Par le passé, j’ai déjà chroniqué ici ce guitariste. Le virtuose suédois Yngwie Malmsteen, après des productions précédentes, « Blue Lightning » (2019) et « World on fire » (2016) d’inégales qualités, revient avec un nouvel album, sobrement intitulé « (Si vis Pacem) Parabellum« , au dessin de pochette totalement raté. Il nous livre ici une oeuvre qui, si elle contient comme d’habitude des morceaux de musique classique, cette fois écrits par lui-même, ne m’est pas apparu comme un grand disque du génie nordique. Je m’explique.

Depuis 1984 et la sortie de son premier disque « Yngwie.J Malmsteen », avec une pochette représentant une guitare prise dans un feu, je l’ai découvert et apprécié dans les albums suivants comme « Rising Force », puis « Trilogy », « Odyssey », qui révélaient un instrumentiste surdoué, rapide, capable de jouer des oeuvres de compositeurs classiques à la guitare électrique (notamment Bach, Paganini, Vivaldi), j’avais vu évoluer ce musicien génial au fil des albums. Son caractère ombrageux, mégalo, parfois tyrannique avec ses musiciens, sur scène comme en studio, ont très vite fait de le cataloguer comme un personnage compliqué, difficile à gérer. Mais n’est-ce pas une firme de destin des génies, dans le cas qui nous occupe, dans le hard-rock ? Ritchie Blackmore (Deep Purple, Rainbow), ou encore Tony Iommi (Black Sabbath), voire Michael Schenker (MSG), ont eu le même genre de réputation.

Pour en revenir au suédois qui nous occupe ici, ses derniers disques étant inégaux en qualité, chaque nouvel album reste néanmoins un événement dans la sphère du Hard-rock. Je ne savais pas à quoi m’attendre avec sa dernière production musicale, « Parabellum« .

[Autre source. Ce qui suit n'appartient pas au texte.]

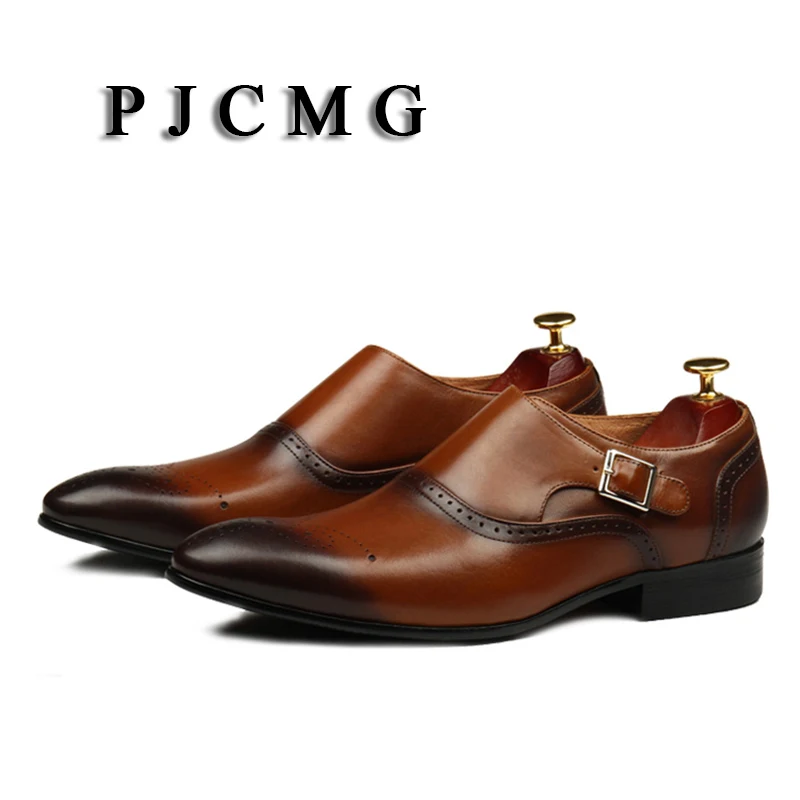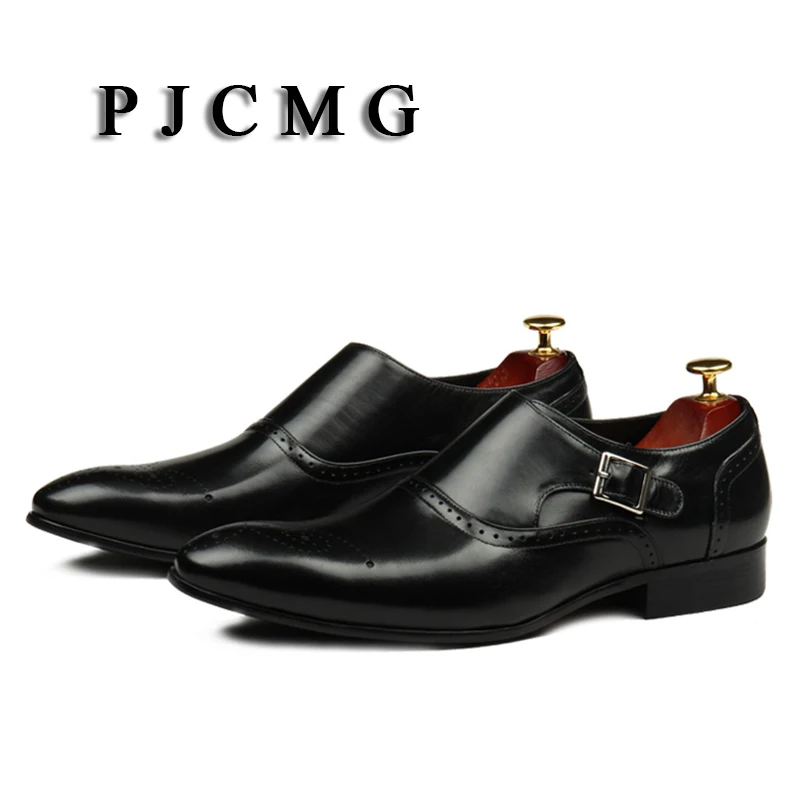 PJCMG Новые дышащие мужские деловые слипоны черныекоричневые с острым носком официальные платья из натуральной кожи Свадебные оксфорды офисная обувь

Force est de constater que ce disque  qu’il produit et dont il a écrit tous les morceaux, contient quelques pépites mais beaucoup de choses restent sans trop de saveur, la faute sans doute à deux éléments que sont le manque de réelles inspirations, l’autre que si effectivement, il sait depuis toujours adapter de fort belle manière les morceaux de musique classique, là aussi cela devient pour l’auditeur une non surprise, car sa dextérité est souvent accompagnée voire couverte par un son énorme de basse-batterie. Ça gâche le propos.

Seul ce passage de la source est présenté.